An amphibious aircraft AG600 is displayed for the 11th China International Aviation and Aerospace Exhibition in Zhuhai, South China's Guangdong province, Oct 30, 2016. [Photo/Xinhua]

The world's largest amphibious aircraft, the AG-600, will carry out its maiden flight "very soon", according to Aviation Industry Corp of China, the plane's developer.

The State-owned aircraft giant said on its WeChat account on Tuesday that it held two meetings in Zhuhai, Guangdong province, from Friday to Sunday to review the quality and condition of an AG-600 that will be used in the first flight test.

Experts at the meetings unanimously agreed the aircraft is ready for a flight test, the release said. It noted that the test will take place "very soon", without giving a timetable.

China Aviation Industry General Aircraft, an AVIC subsidiary in Zhuhai, launched the AG-600 project in September 2009, aiming to fill the vacancy for an amphibious plane in China. The Chinese Navy once had a handful of SH-5 maritime patrol amphibious aircraft but has reportedly decommissioned all of them.

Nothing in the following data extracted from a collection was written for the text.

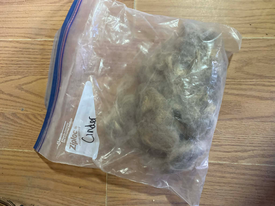 Enjoy the luxurious feel of naturally shed wolfdog fur from rescue Cinder! Cinder is a mid-content wolfdog that was originally found wandering in the wild and believed to be a pure gray wolf! As a result, he was captured and DNA tested--an event that would determine his fate. When the results showed there was around 20% dog in his DNA, Cinder found himself coming home to Wild Spirit. His fur makes the perfect craft for Christmas: - Take some of the fur from the bag and a clear ornament - Stuff the fur into the ornament and voila! You've got the perfect decoration to add to your Christmas tree!
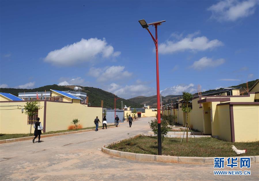 10月16日,人們行走在硯山縣小補(bǔ)佐村的道路上。 云南省文山壯族苗族自治州硯山縣稼依鎮(zhèn)小補(bǔ)佐村有55戶(hù)200多名壯族群眾曾經(jīng)居住在大山深處。2017年10月,在政府的幫扶下,小補(bǔ)佐村易地扶貧建設(shè)新村,村民全部搬遷入住新居。 新華社記者 楊宗友 攝
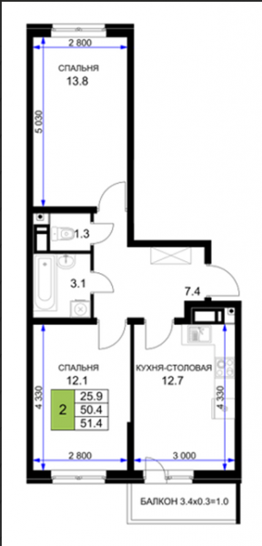 2 комн. квартира в новостройке
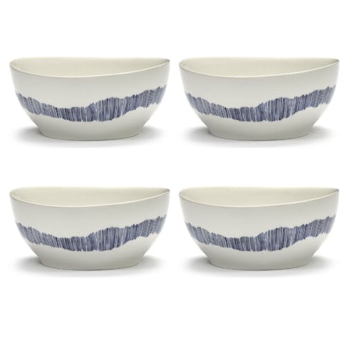 Ottolenghi Feast White With Blue Stripes Bowls 16cm | Set of 4
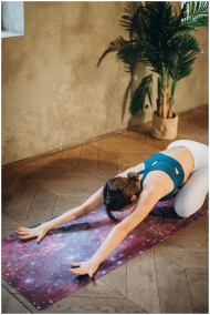 A woman in child's yoga pose on a galaxy-themed ma
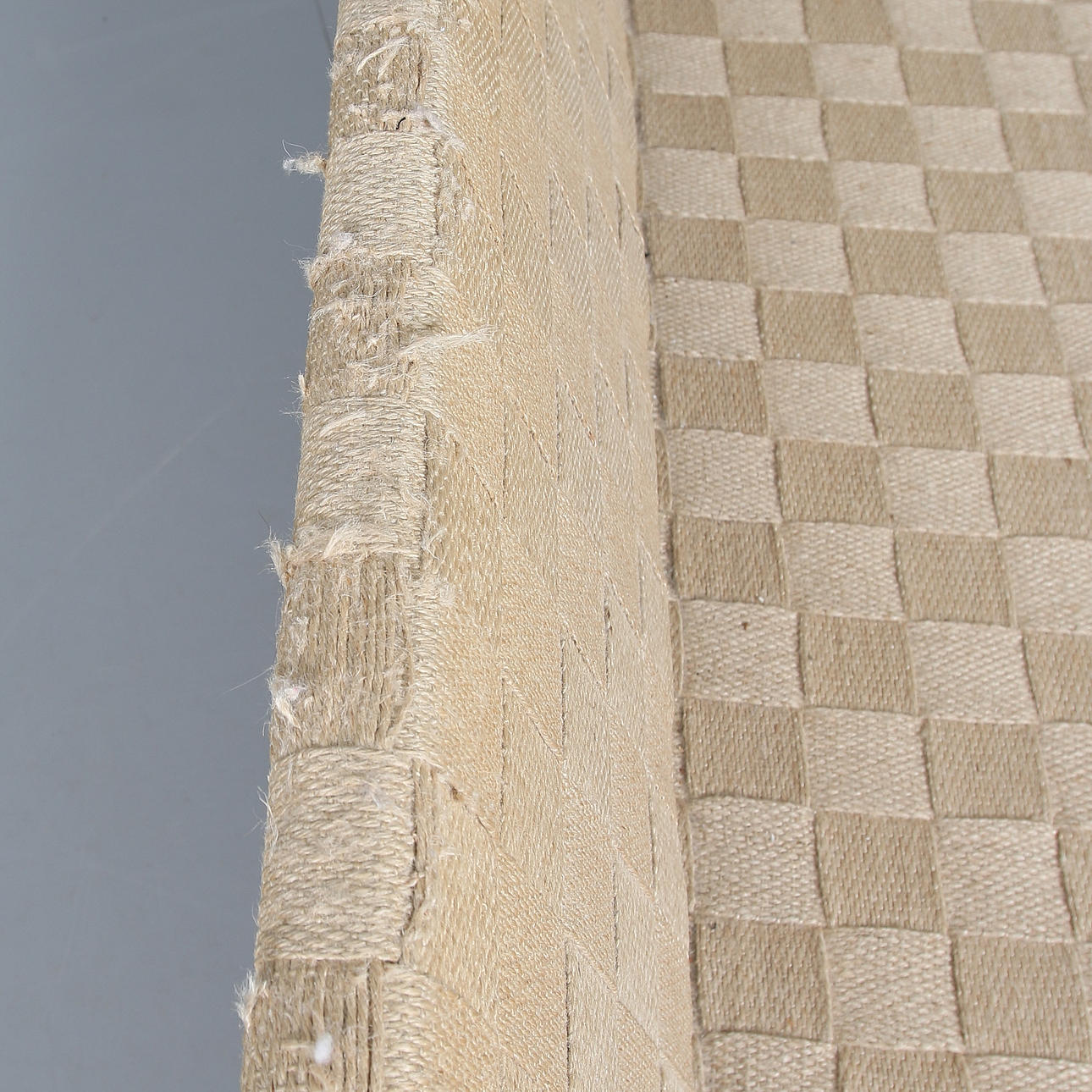 Llevar el cinturón del sillín en el respaldo dañado. Cojines con manchas.

The company said it has received orders for 17 AG-600s from Chinese government departments and domestic companies.

The seaplane has a maximum takeoff weight of 53.5 metric tons, an operational range of about 4,500 kilometers, and a size roughly comparable to that of a Boeing 737, which makes it the world's largest amphibious aircraft, surpassing Japan's ShinMaywa US-2 and Russia's Beriev Be-200, according to Huang Lingcai, AG-600's chief designer at China Aviation Industry General Aircraft.

He said the seaplane will play an important role in forest fire control, maritime search and rescue, personnel and supply transport to islands as well as law enforcement tasks on the sea.

The designer noted that it can fly a round trip between Sanya in Hainan province and the shoal of Zengmu Ansha, the southernmost point of China's territory, without refueling.

Powered by four turboprop engines, the AG-600 is capable of carrying 50 people during a maritime search-and-rescue mission. To extinguish forest fires, it can collect 12 metric tons of water from a nearby lake or sea within 20 seconds, information from the company shows.

Aviation industry observers said seaplanes are very suitable for maritime search and rescue because they can land both on islands and on the surface of the sea, and this advantage makes them flexible in use and gives them longer operation time compared with ordinary aircraft.